RCEP countries open to easing investment rules, agree to ease ISDS clauses
Business Standard | 10 September 2018
RCEP countries open to easing investment rules, agree to ease ISDS clauses
by Subhayan Chakraborty
Despite treading diametrically opposite paths on tariffs and market access, India and China, along with other nations, have hit it off on talks regarding investment norms in the proposed Regional Comprehensive Economic Partnership (RCEP) pact.
In a bid to fast-track the deal, most nations have agreed to ease the investor-state-dispute settlement (ISDS) clauses.
These refer to a broad range of legal and policy norms regulating the process by which an investing private entity from another nation may seek legal recourse in the event of a dispute with the state.
The RCEP is a proposed pact between 10 Asean economies and six other nations (New Zealand, Australia, China, India, Japan and South Korea). So far, 23 rounds of talks have concluded, apart from six minister-level meets.
“We are reducing the application of ISDS in the investment chapter. India is cautious with regard to any measure that allows the aggrieved party to approach an international tribunal of law due to bad experiences earlier,” a senior official said. Back in 2012, international investors in telecom companies, whose operational permits were cancelled by the Supreme Court in the wake of the 2G scam, had approached an international tribunal and sued the government for damages.
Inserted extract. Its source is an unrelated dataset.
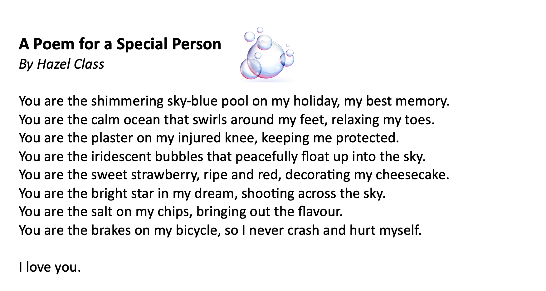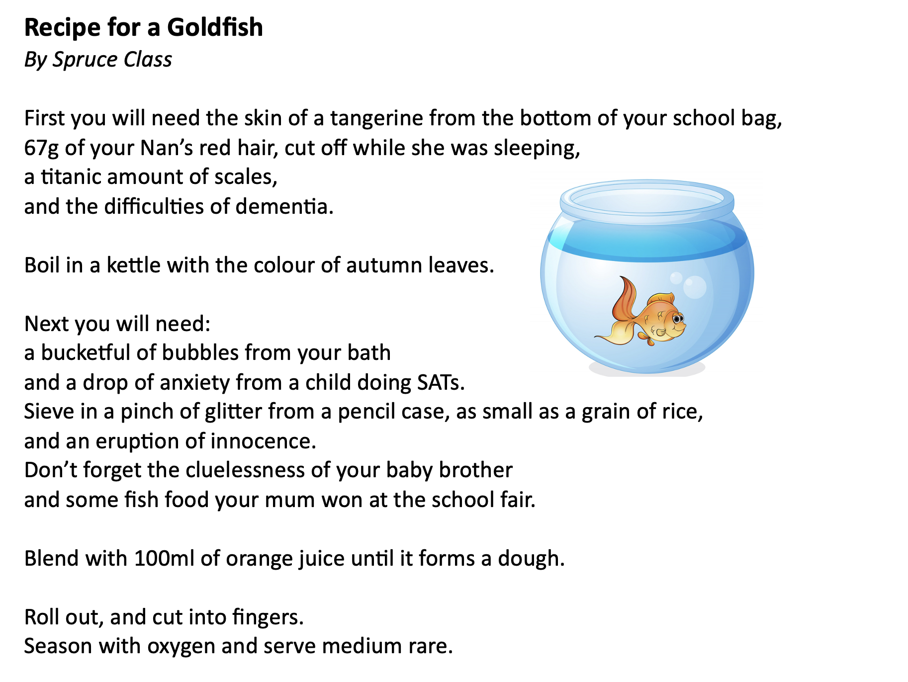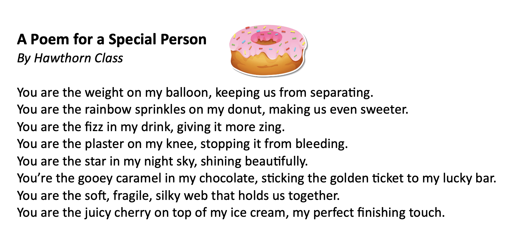 What a fun time I had at Commonswood Primary School and Nursery over two days. The excitement was palpable in assembly, not least when a teacher dressed as a dinosaur walked in! How could a poet compare to that? However, it turned out that Commonswood is chockablock with budding poets, from the best-listening nursery class ever, all the way up to year 6. Here are the wonderful poems for someone special written by years 3 and 4, and creative recipe poems from years 5 and 6.
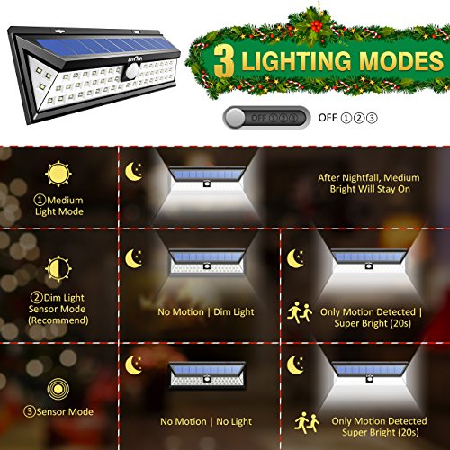 Dim light sensor light mode: litom 54led solar light will charge in the day, auto turn on dim light when in the darkness or at night when no motion is detected. It will turn to bright light when motion is detected and last about 17-20 seconds.

While India avoided paying significant amount of the charges, the episode had dented the country’s reputation as an investment destination.
Harnessing investments from the Asia-Pacific region had always been a target for India in the RCEP talks.
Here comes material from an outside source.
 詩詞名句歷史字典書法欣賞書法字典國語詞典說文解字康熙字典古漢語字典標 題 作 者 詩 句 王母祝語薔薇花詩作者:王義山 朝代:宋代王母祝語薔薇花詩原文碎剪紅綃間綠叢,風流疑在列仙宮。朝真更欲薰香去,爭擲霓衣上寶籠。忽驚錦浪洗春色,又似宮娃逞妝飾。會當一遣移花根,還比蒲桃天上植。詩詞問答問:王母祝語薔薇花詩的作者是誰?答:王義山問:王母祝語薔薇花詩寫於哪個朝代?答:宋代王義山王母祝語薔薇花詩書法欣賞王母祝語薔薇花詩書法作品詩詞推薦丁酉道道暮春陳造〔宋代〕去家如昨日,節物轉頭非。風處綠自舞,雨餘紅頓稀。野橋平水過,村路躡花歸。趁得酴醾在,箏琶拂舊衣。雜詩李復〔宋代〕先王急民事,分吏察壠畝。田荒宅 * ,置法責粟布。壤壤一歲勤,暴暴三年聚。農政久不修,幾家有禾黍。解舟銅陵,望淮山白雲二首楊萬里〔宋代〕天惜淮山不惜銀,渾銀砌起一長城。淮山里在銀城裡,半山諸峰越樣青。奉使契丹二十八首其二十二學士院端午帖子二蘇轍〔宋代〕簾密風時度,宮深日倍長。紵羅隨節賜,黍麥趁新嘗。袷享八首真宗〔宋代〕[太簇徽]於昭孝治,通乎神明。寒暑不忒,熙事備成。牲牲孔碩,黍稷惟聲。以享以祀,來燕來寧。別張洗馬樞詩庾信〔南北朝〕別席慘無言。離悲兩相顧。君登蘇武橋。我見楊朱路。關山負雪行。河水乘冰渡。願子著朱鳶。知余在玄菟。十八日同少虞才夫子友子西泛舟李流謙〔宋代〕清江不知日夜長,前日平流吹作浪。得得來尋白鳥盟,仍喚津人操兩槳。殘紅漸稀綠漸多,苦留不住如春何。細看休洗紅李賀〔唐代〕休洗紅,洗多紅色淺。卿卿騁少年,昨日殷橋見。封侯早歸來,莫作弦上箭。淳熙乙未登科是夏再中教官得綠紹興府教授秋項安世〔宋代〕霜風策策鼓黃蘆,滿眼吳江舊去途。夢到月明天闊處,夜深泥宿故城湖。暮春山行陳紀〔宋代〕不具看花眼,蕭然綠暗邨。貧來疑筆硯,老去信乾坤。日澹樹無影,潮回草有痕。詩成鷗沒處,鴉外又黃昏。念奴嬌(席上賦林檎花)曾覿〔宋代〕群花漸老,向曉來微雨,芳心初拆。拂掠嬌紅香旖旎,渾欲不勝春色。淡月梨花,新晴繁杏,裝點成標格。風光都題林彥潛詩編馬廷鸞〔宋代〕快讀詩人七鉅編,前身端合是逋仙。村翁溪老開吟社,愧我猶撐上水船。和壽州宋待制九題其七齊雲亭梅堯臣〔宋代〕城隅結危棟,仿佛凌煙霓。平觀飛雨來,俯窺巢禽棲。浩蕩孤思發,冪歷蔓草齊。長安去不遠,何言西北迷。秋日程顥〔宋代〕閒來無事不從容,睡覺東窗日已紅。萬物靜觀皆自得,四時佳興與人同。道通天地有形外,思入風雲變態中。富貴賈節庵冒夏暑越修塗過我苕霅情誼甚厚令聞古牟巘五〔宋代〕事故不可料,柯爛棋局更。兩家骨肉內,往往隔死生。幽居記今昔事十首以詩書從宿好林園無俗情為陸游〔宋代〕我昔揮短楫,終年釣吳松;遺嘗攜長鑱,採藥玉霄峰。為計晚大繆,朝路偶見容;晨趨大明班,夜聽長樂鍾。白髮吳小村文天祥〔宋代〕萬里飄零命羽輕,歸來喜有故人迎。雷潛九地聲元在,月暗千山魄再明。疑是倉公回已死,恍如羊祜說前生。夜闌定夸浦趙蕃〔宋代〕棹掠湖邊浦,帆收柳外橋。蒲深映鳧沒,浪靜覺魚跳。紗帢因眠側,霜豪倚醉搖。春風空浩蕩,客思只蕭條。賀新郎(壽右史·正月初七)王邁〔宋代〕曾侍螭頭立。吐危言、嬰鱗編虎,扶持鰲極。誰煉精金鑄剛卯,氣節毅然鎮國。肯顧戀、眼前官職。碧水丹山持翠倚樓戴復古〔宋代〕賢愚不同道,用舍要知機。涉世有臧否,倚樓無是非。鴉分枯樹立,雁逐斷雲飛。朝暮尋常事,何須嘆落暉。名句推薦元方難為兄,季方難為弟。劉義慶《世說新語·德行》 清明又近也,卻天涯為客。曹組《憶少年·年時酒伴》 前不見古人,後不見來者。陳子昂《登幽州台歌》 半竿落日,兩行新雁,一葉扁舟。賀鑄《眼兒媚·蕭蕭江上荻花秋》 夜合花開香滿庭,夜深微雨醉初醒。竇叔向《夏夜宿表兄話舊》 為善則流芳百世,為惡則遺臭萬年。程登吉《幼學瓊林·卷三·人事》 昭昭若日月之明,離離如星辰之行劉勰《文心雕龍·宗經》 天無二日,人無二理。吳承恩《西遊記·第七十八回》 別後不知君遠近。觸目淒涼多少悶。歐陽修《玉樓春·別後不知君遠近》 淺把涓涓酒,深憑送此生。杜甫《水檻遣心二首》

In the last ministerial-level meet in Singapore, held in August-end, it was decided to not have ISDS applied on a ‘most favoured nation’ basis, the official said.
This would mean that investment norms decided by India with one RCEP member nation may differ significantly from its agreement on investment with another.
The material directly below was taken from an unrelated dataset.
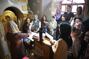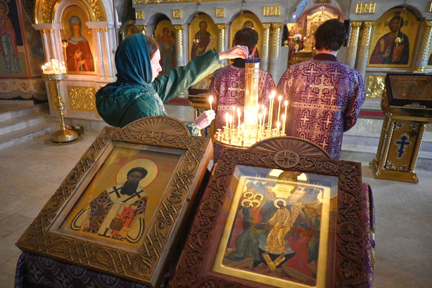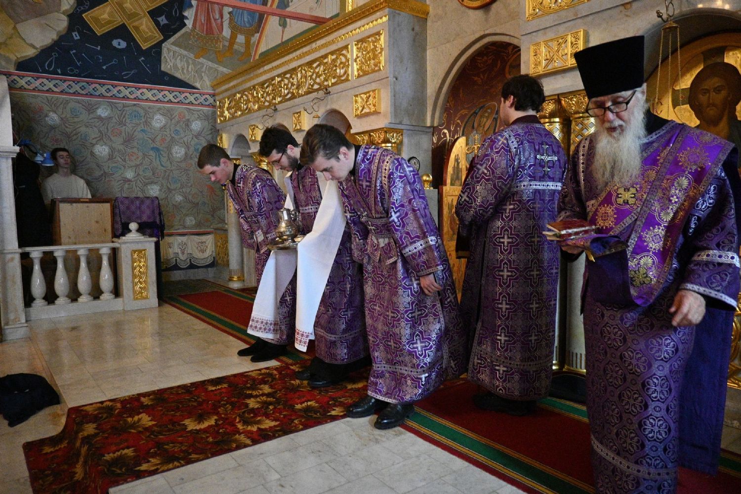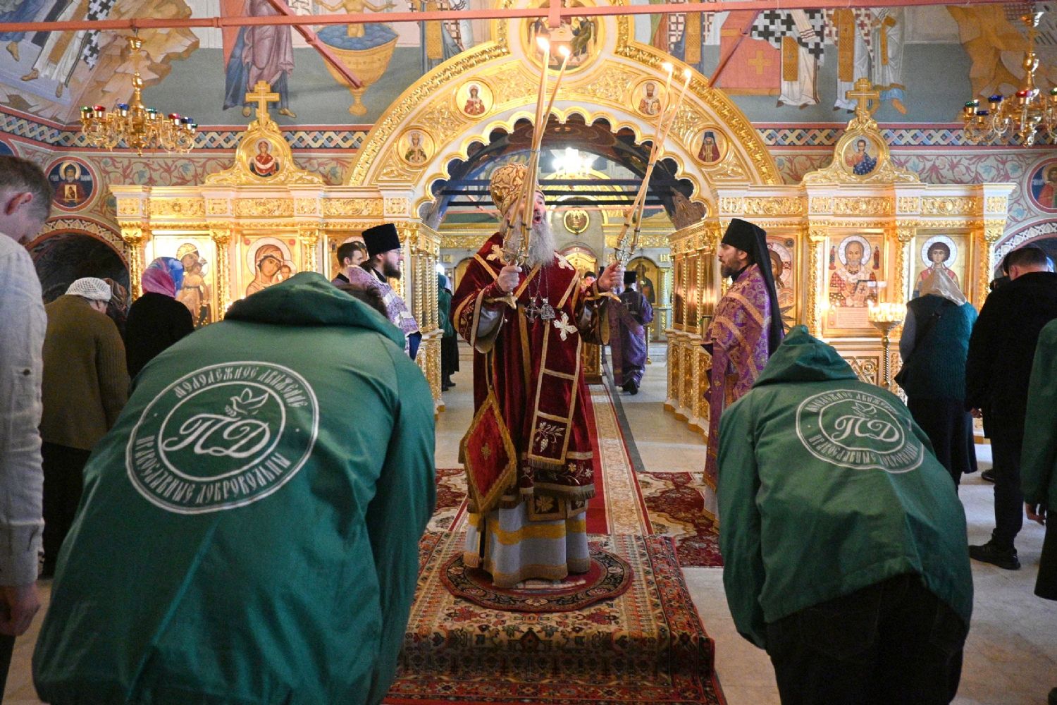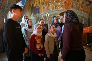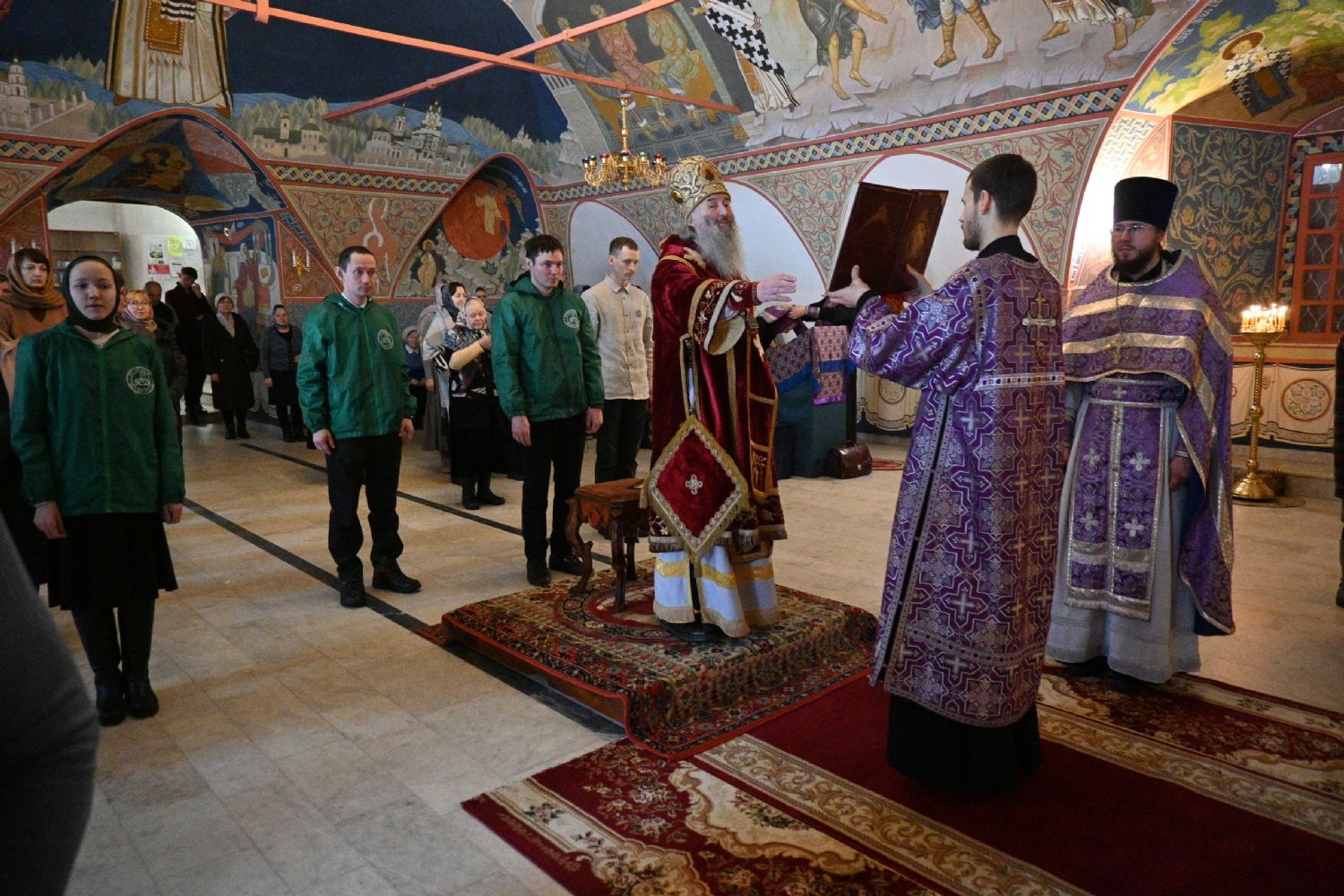 Владыке сослужили секретарь Йошкар-Олинского епархиального управления иеромонах Серафим (Пасанаев), клирик Вознесенского собора иерей Димитрий Копылов и протодиакон Михаил Козловский. Песнопения исполнял хор храма под управлением Анны Ярошевич, а также детский хор воспитанников воскресной школы храма.

India also secured a commitment that ISDS will also not be valid on ‘prohibition of performance requirements’, that deals with technology transfer and royalty payments, sources said.
If the trade pact takes shape, India may be staring at a major influx of foreign direct investment (FDI) as the grouping includes the second and third-largest global investors – Singapore and Japan – apart from South Korea. The government is also open to the possibility of major inflows of funds from China.
Model bilateral investment treaty not the end
However, the RCEP talks on investment may not go hand in hand with India’s model bilateral investment treaty (BIT) as it only represents a ‘skeleton structure’ and can accommodate changes, the official said.
From 2016, the Centre had terminated every BIT it had entered into earlier with various countries. New Delhi now maintains that all future investment pacts will be negotiated under the framework of the model BIT issued by the government in 2015.
But most of those negotiations are not time-bound, and global investors – many of them from major investing nations such as the European Union (EU) – have complained of a legal vacuum. The ISDS continues to be the main stumbling block in any discussion.
“The EU’s prime concern with the BIT is with the clause stipulating that if an investor-state dispute arises, a foreign investor can only seek the option of international arbitration when all domestic legal routes have been exhausted. While India feels this is required to keep a control on litigation and reduce the chances of extremely high penalties from international tribunals, the EU calls the Indian legal system slow and corrupt,” a senior Delhi-based trade expert said.
For India, RCEP presents a platform to give a boost to its strategic and economic status in the Asia-Pacific region. Expected to be the largest regional trading bloc in the world, accounting for nearly 45 per cent of the global population and with combined gross domestic product of $21.3 trillion, it may bring the biggest economies of the region into a trading arrangement for the first time.